• [DATASET]:
■ ■ ■ ■ ■

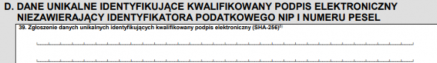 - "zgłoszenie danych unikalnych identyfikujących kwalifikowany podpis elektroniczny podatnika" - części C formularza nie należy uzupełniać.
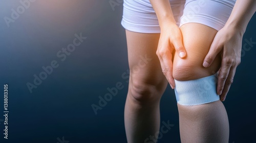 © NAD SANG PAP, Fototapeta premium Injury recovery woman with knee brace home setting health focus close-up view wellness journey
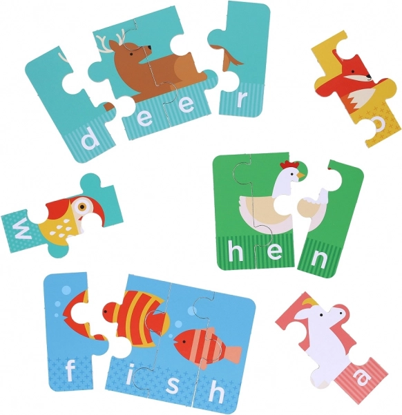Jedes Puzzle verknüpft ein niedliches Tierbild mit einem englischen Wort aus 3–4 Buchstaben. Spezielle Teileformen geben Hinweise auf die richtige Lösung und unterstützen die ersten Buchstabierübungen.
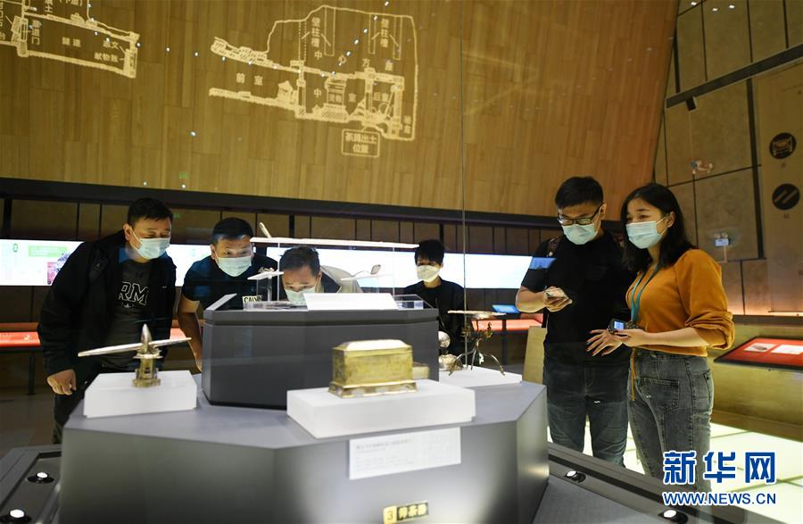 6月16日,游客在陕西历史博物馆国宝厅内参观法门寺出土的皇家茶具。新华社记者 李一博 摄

■ ■ ■ ■ ■

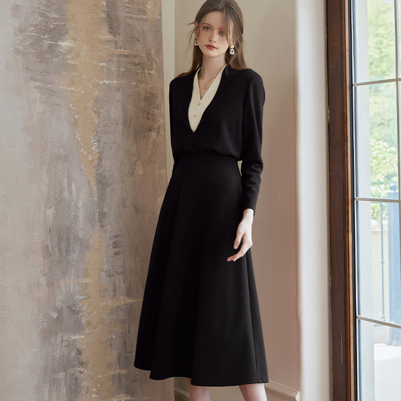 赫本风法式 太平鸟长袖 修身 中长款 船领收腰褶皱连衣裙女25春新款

■ ■ ■ ■ ■

• [WHAT IS REQUIRED]: Would you print exactly the lines in the listing above, from the line bearing "nie należy uzupełniać." through the line bearing "6月16日,游客在陕西历史博物馆国宝厅内参观法门寺出土的皇家茶具。新华社记者 李一博 摄", leaving out all pictures?

• [EXERCISE ANSWER]:
 - "zgłoszenie danych unikalnych identyfikujących kwalifikowany podpis elektroniczny podatnika" - części C formularza nie należy uzupełniać.
 © NAD SANG PAP, Fototapeta premium Injury recovery woman with knee brace home setting health focus close-up view wellness journey
Jedes Puzzle verknüpft ein niedliches Tierbild mit einem englischen Wort aus 3–4 Buchstaben. Spezielle Teileformen geben Hinweise auf die richtige Lösung und unterstützen die ersten Buchstabierübungen.
 6月16日,游客在陕西历史博物馆国宝厅内参观法门寺出土的皇家茶具。新华社记者 李一博 摄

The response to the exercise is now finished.